## Exercise prompt
Could you transcribe every record below exactly, leaving out the pictures?
═══ Available data ═══
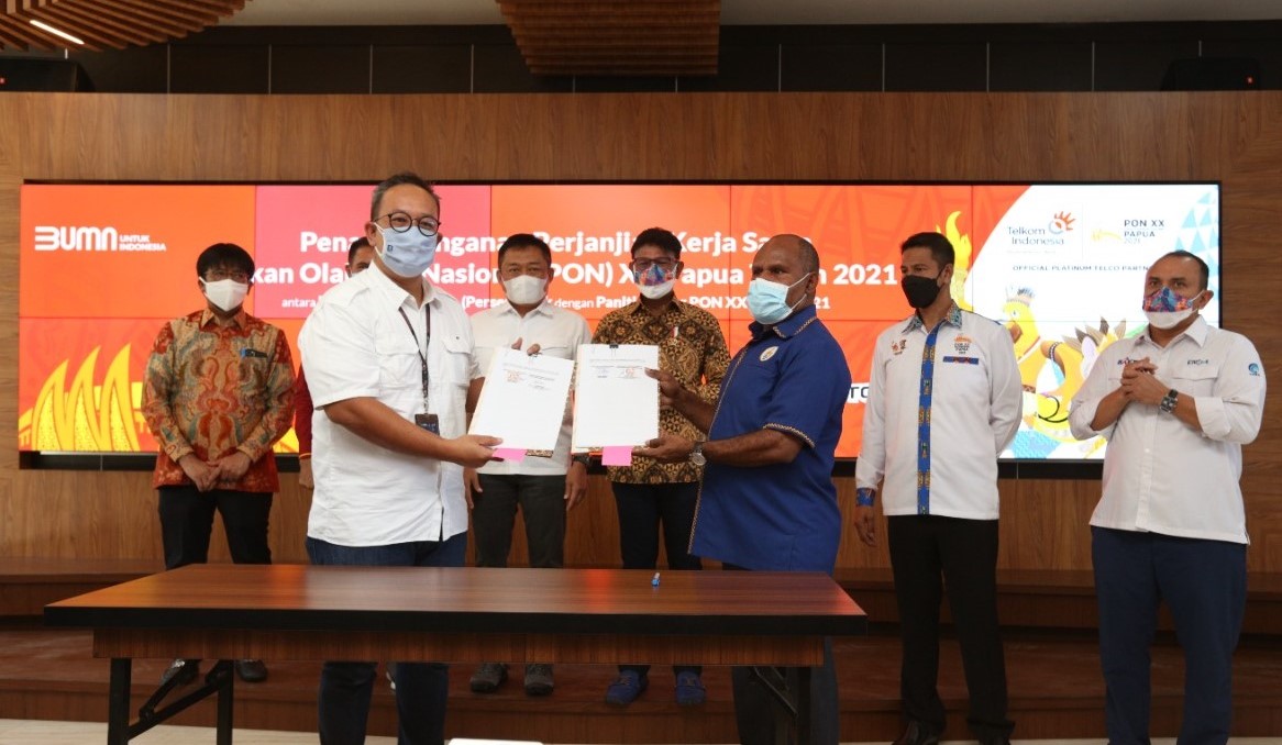 Telkom secara resmi hadir sebagai Official Platinum Telco Partner PON XX Papua 2021, setelah dilakukannya penandatanganan Perjanjian Kerja sama (PKS) antara SVP Corporate Communication & Investor Relation Telkom Ahmad Reza dengan Ketua Harian PB PON XX, Yunus Wonda disaksikan Menteri Komunikasi dan Informatika Johnny G. Plate dan Direktur Utama Telkom Ririek Adriansyah di Media Center PON XX di Gedung Sasana Krida Provinsi Papua, Kamis (23/9).
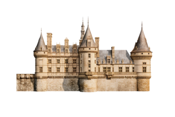 Ancient stone castle with moss covered conical roofs and green ivy climbing its weathered walls and turrets architecture medieval fortress historic ruins europe fantasy old transparent background
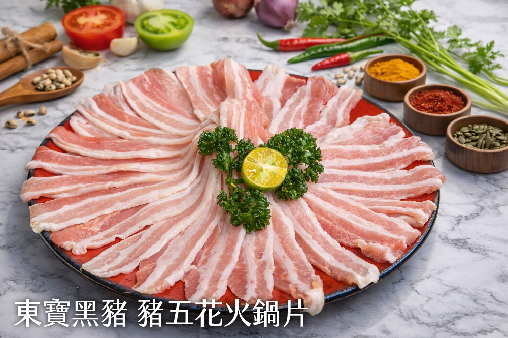 ※東寶黑豬五花火鍋片:150g/盤。脂香豐富、口感軟嫩,油脂在熱湯中化開,甘甜不膩。
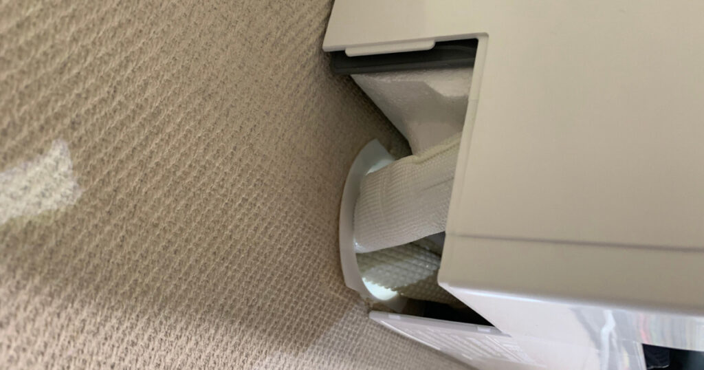 日立製、三菱製はエアコンの左右角のカバーが外れるタイプがあるのでスリーブが丸見え!
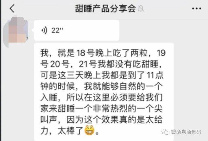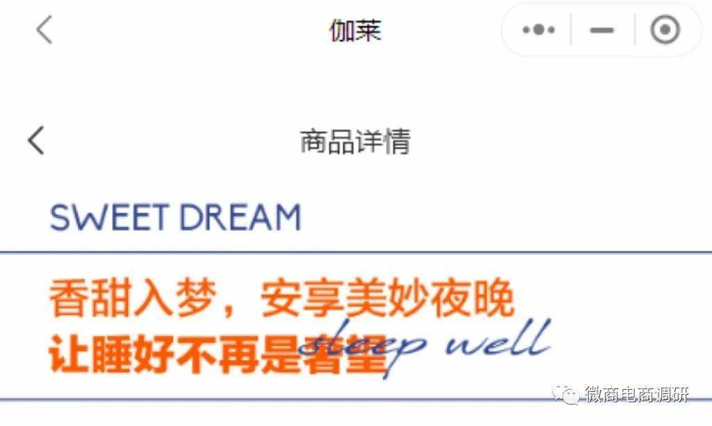 正如甜睡的产品名称所显示的那样,该产品最大的卖点就是具有改善睡眠的功效,湖南伽莱商贸有限公司为微信小程序“伽莱”的认证主体,在官方小程序的包装下,这款产品也果然具有了相应作用。
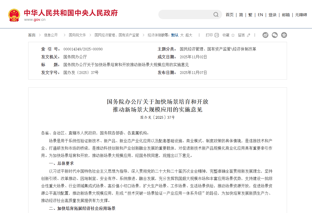 11月7日国务院办公厅印发《关于加快场景培育和开放推动新场景大规模应用的实施意见》,提出要充分发挥我国市场大、可应用场景多的优势,通过加快培育和开放各类应用场景,推动新技术、新产品实现大规模应用。
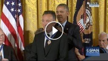 Bruce Springsteen receives the Presidential Medal of Freedom from President Obama.
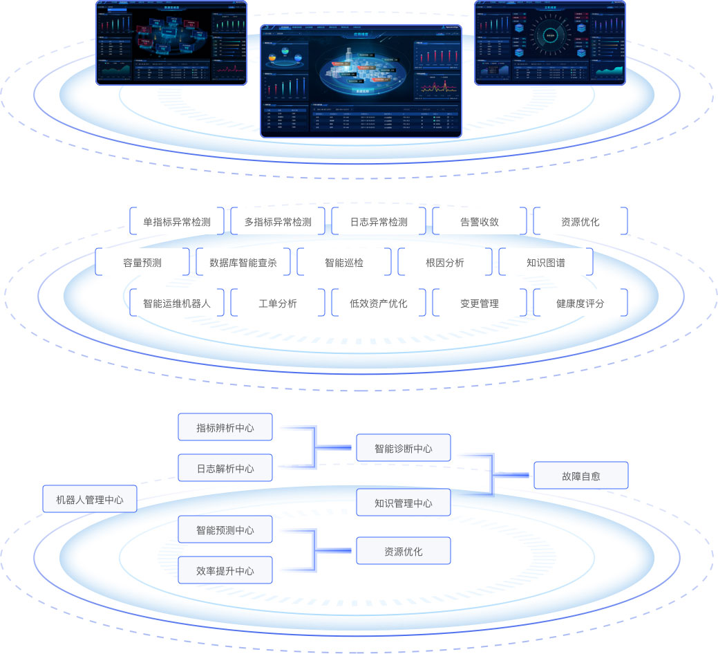 基于运维数据融合,提供跨系统、跨层次、跨应用的智能分析手段,助力运维场景智能化转型,有序智进人退。
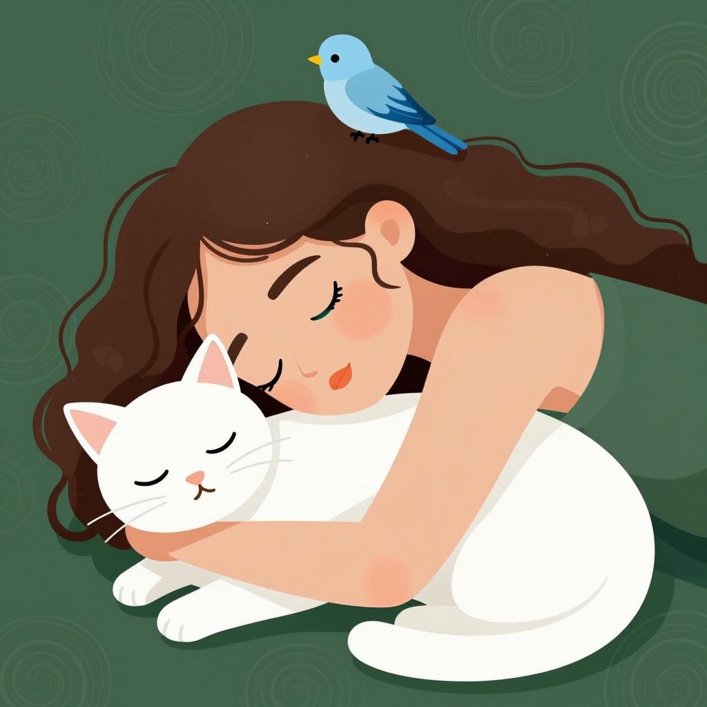 Illustration of a fair-skinned woman with closed eyes, curly brown hair, and green eyelids, sleeping with a white cat. A small blue bird is on her hair. Background is dark green with swirling patterns. Woman's head rests on cat's back. Cat's eyes are closed. Woman's lips are slightly parted. Cat's tail curves around.
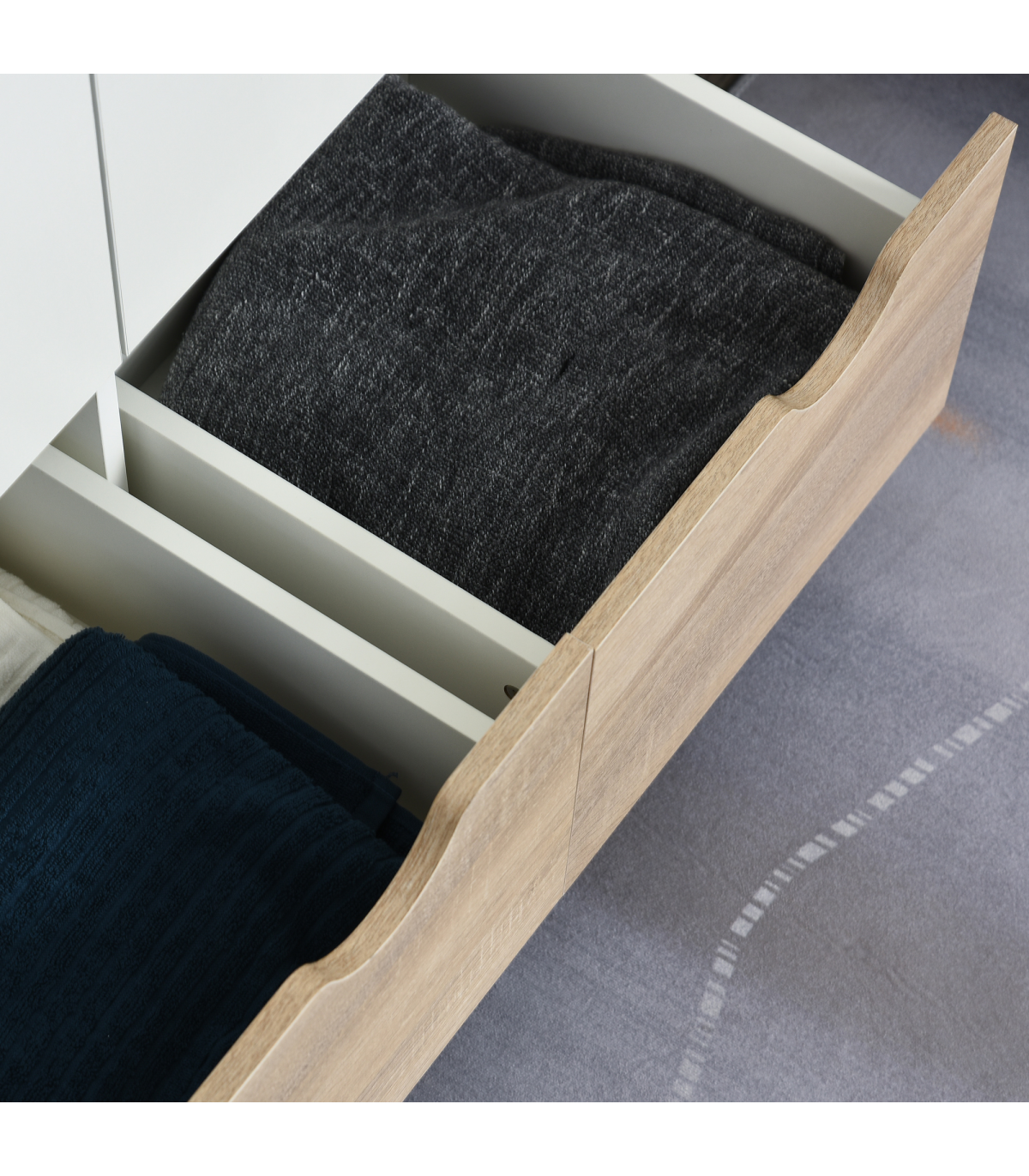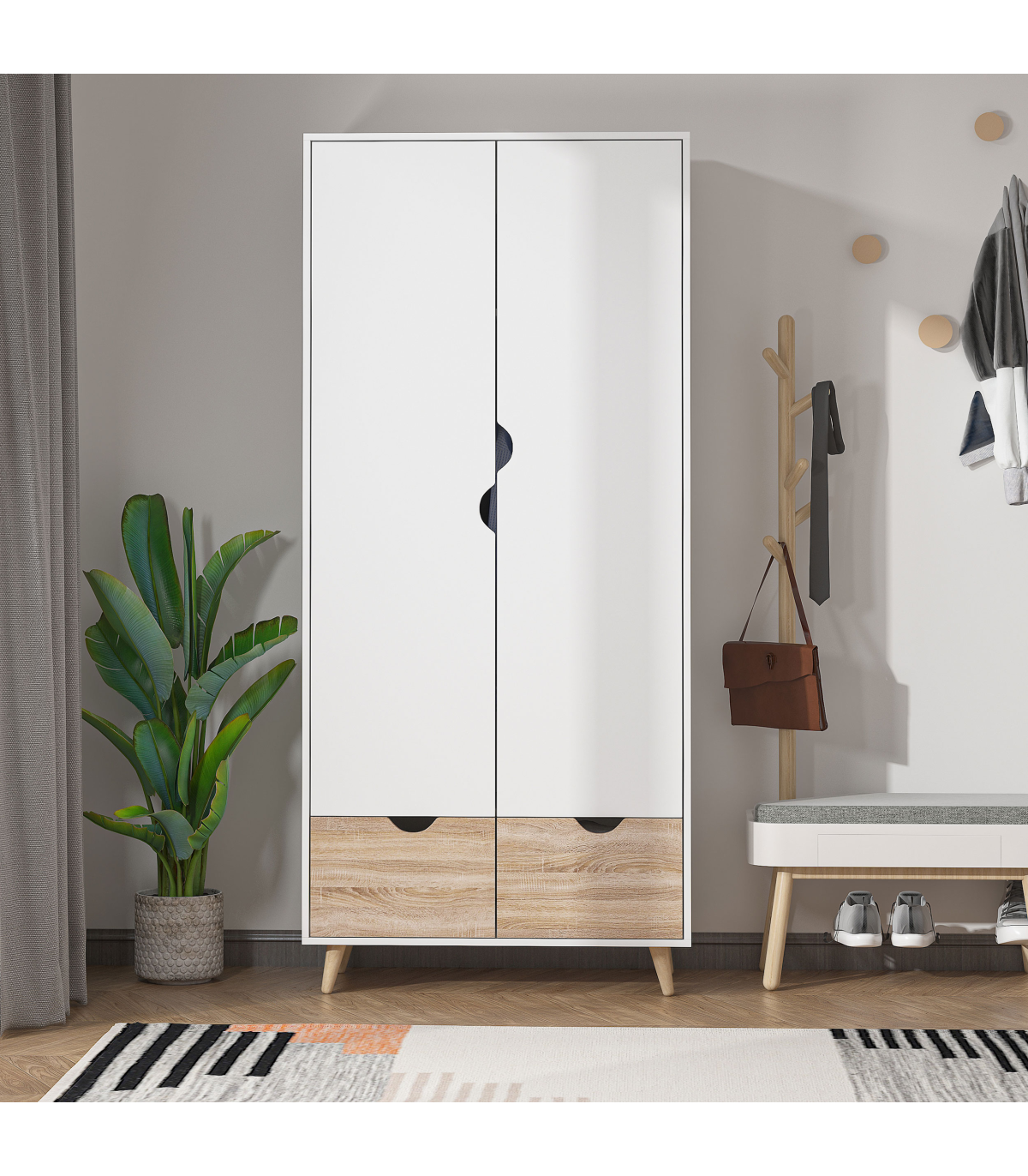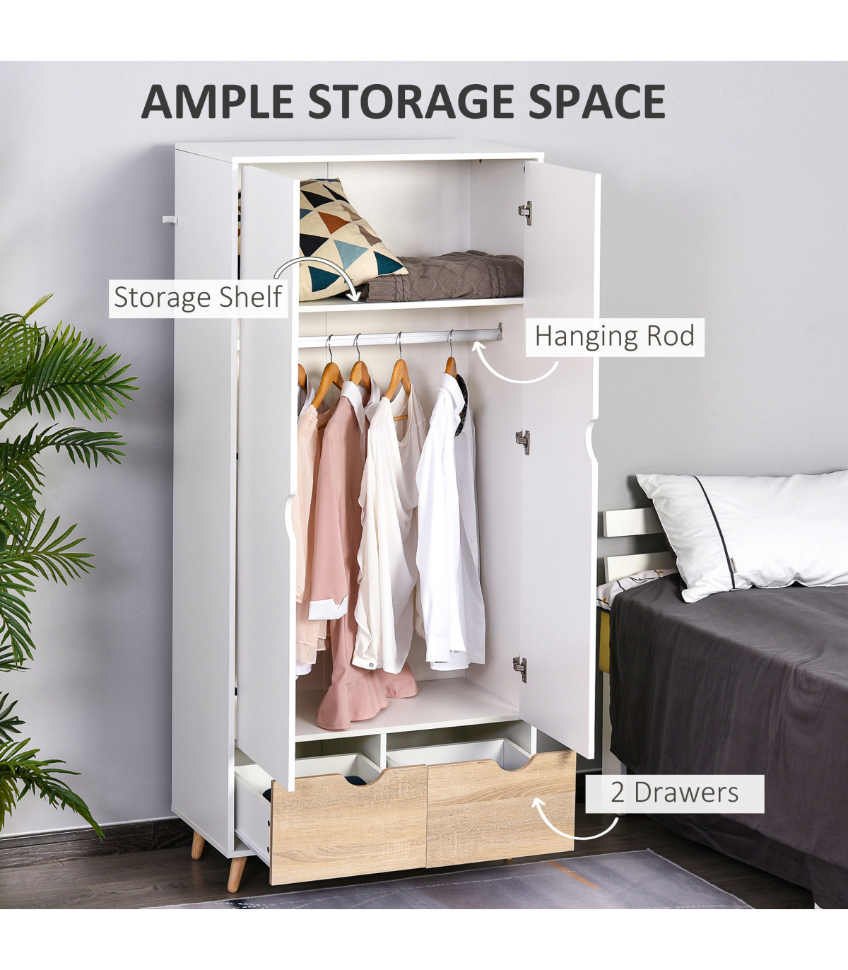 Design features the main compartment with metal clothes rod and shelf, with bottom two slide-out drawers for extra storage
═══
## Solution for this exercise
 Telkom secara resmi hadir sebagai Official Platinum Telco Partner PON XX Papua 2021, setelah dilakukannya penandatanganan Perjanjian Kerja sama (PKS) antara SVP Corporate Communication & Investor Relation Telkom Ahmad Reza dengan Ketua Harian PB PON XX, Yunus Wonda disaksikan Menteri Komunikasi dan Informatika Johnny G. Plate dan Direktur Utama Telkom Ririek Adriansyah di Media Center PON XX di Gedung Sasana Krida Provinsi Papua, Kamis (23/9).
 Ancient stone castle with moss covered conical roofs and green ivy climbing its weathered walls and turrets architecture medieval fortress historic ruins europe fantasy old transparent background
 ※東寶黑豬五花火鍋片:150g/盤。脂香豐富、口感軟嫩,油脂在熱湯中化開,甘甜不膩。
 日立製、三菱製はエアコンの左右角のカバーが外れるタイプがあるのでスリーブが丸見え!
 正如甜睡的产品名称所显示的那样,该产品最大的卖点就是具有改善睡眠的功效,湖南伽莱商贸有限公司为微信小程序“伽莱”的认证主体,在官方小程序的包装下,这款产品也果然具有了相应作用。
 11月7日国务院办公厅印发《关于加快场景培育和开放推动新场景大规模应用的实施意见》,提出要充分发挥我国市场大、可应用场景多的优势,通过加快培育和开放各类应用场景,推动新技术、新产品实现大规模应用。
 Bruce Springsteen receives the Presidential Medal of Freedom from President Obama.
 基于运维数据融合,提供跨系统、跨层次、跨应用的智能分析手段,助力运维场景智能化转型,有序智进人退。
 Illustration of a fair-skinned woman with closed eyes, curly brown hair, and green eyelids, sleeping with a white cat. A small blue bird is on her hair. Background is dark green with swirling patterns. Woman's head rests on cat's back. Cat's eyes are closed. Woman's lips are slightly parted. Cat's tail curves around.
 Design features the main compartment with metal clothes rod and shelf, with bottom two slide-out drawers for extra storage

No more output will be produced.